Por un enfoque global del discurso antiprohibicionista


He comentado a menudo en estas páginas que los motivos por los que se sostiene el fallido experimento social en que consiste la prohibición son muy dispares y de distintas categorías. Hay motivaciones económicas, políticas, morales, sanitarias… Todas estas visiones se complementan y apoyan entre si para constituir el entramado sólido que constituye la prohibición. Y es precisamente por esta multiplicidad de factores por los que se hace tan difícil desmontar ideológicamente, y ya no digo legislativamente, el discurso prohibidor. Y es que del mismo modo que todos esos temas son utilizados para mantener el control sobre determinadas sustancias, el antiprohibicionismo debe fundamentarse también en todos ellos para mostrar sus razones. La prohibición tiene tantas patas sobre las que sustentarse, que romper sólo una o dos de ellas resulta inútil.

Y digo ésto porque a menudo quienes defendemos el fin de este dañino experimento prohibicionista caemos en la trampa de ajustar nuestros argumentos a los que nos tienden los prohibidores de turno.
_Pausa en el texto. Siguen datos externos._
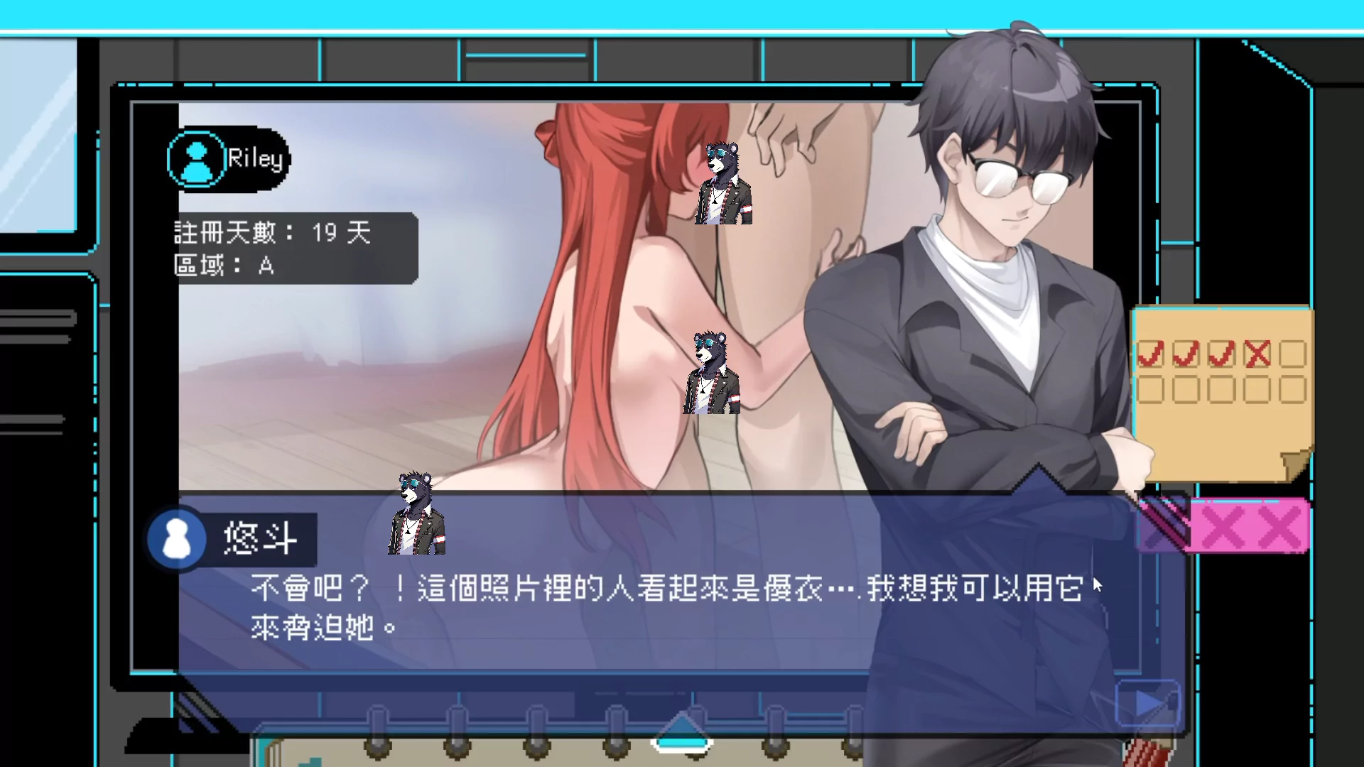 再來是本作最核心也最切題的系統─「社群審查」工作,簡而言之就是檢查大眾上傳到社群網站的媒體是否符合規範的工作,在遊戲中除了是主角收入的主要來源以外,也是能夠收集攻略女主角「秘密」的關鍵手段。

En este momento histórico, por ejemplo, la salud y la ausencia de riesgos son dos ambiciones indiscutidas. Tenemos ejemplos diarios de lo muy dispuesta que está la gente a renunciar a determinadas libertades individuales si se le ofrece la oportunidad de pensar que es una renuncia voluntaria con la que conseguirá mayores cotas de bienestar y seguridad. Así, utilizar la libertad como argumento parece algo en desuso, una especie de ingenuidad a la que los prohibidores pueden limitarse a responder con una sonrisita displicente de superioridad. Parece por tanto que tengan acorralado nuestro discurso en el rincón de los médicos y los científicos de bata blanca. Un rincón peligroso y lleno de trampas, pues luchar allí implica mostrar aceptación tácita a determinadas asunciones, la peor de las cuales la que establece que la decisión de decidir si una sustancia debe o no estar prohibida ha de ser fruto de las investigaciones científicas. Pues aunque es cierto que los peligros del consumo de drogas son a menudo ampliados y distorsionados, y que la auténtica ciencia, como contraste con los pseudo científicos de pago a los que se compran coartadas para prohibir, podría decir mucho al respecto, lo cierto es que la discusión sobre los riesgos, aun cuando fueran indiscutidos, desvía la cuestión de otra pregunta esencial: ¿no podrían gestionarse sin prohibición y evitar así los daños asociados a la criminalización inevitable?

Tras tantas concesiones a la estrategia prohibicionista, acabamos teniendo que defender cosas tan obvias como que no está bien impedir que los enfermos usen voluntariamente aquello que les alivia sus dolencias, o debatiendo porcentajes absurdos como si en los tantos por ciento o en las probetas fuéramos a encontrar quien tiene razón. Sería tal vez el momento de volver a reivindicar algunos de los valores más fuertes del antiprohibicionismo, menos cuantitativos tal vez, pero de una solidez : el respeto por la libertad individual, la confianza en la educación en libertad frente a la represión, la asunción consciente de la realidad y sus riesgos, y la valentía de gestionarlos sin renunciar a las ventajas que ocultan; todo ello frente a quienes proponen futuros imposibles sin drogas, ni vicios, ni riesgos, y creen que para alcanzarlo es lícito mantener un sistema que ni disminuye consumos, ni elimina riesgos, y añade en cambio problemas sanitarios, de seguridad y de corrupción que no existirían sin la prohibición.